The first study (n=116) took a greater time to evaluate, as it needed to carefully record all the findings of the study participants in a clinical research form (CRF). The readings were repeated 3 times in each participant by separate investigators to maintain the consistency of the reading. Then the presenting complaints and the history of illness were interrogated and recorded. The findings of the readings were cross-checked with the study participants before their confirmation. The perfect matching of readings with the clinical presentations was considered as T+ and for whom we were not able to find any relevance to the diagnosis were taken as F+ and F-. The success of the readings was based on the appropriate implementation of two aspects, analogical derivation and meta reasoning 14. In analogical derivation, the physician after reading the measurement of MK uses a reasoning approach based on the matching patterns of the presenting complaints of the participants with the description in the literature. E.g., If the measurement obtained is 10 and the presenting complaints are identical to the description of the particular reading that could be taken as a valid point for a diagnosis. The second meta-reasoning part is where the physician critically examines the assumptions from a particular complaint presented, and after measuring MK, the readings are correlated to reach an inference. The first study's findings were found to support its claim as a reliable tool with a significant diagnostic accuracy rate. The second study (n=167), explored its correlation with the measured anthropometric variables.
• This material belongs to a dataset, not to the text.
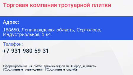 Торговая компания тротуарной плитки по адресу 188650, Ленинградская область, Сертолово, Индустриальная, 1 к4 в дальнейшем Организация, размещена в следующих категориях:

Many epidemiological and observational studies affirmed the reliability of using BMI and ABC as important predictors of diseases or syndromes 18, 21.
The body mass index (BMI) is a common metric that describes relative weight for height and has significant value in population-based studies, owing to its strong correlation with total body fat. It has been widely accepted as a risk factor marker for many health issues associated with overweight and obesity, like diabetes, hypertension, and coronary heart diseases (CHD) 18, 21, 22. The 3rd subset of Phase 2 studies (n3=23) successfully found a positive correlation of MK with different variables like ABC and BMI. Both the variables reflect MK readings in such a way that the higher the BMI, followed by ABC, the subjects tend to show higher readings. There is an equal chance of obtaining lower readings in subjects with low BMI, as in malnutrition, emaciation, or severe debility in hospitalized conditions 23. The lower MK readings 4-6FB is considered as complicated as it depicts the features of incurability and fatality 3. Future studies on Mk may focus on such cases to improve the measure's reliability. Thus, the studies put on the hypothetic deliberations infer that this ancient practice of diagnosis based on the ABC conversion to FBs could be a valid measure for disease predictions.
Limitations of the Study:
Lack of Reference or Gold Standards: One of the study's main limitations is that we could not confirm the true positive findings from the readings with any reference standards apart from the clinical picture. Standard diagnosis tests (imaging and laboratory investigations) for the particular ailment were limitedly used to validate the clinical profile of the study participant and the Mk readings. This was due to limited facilities in the medical camp.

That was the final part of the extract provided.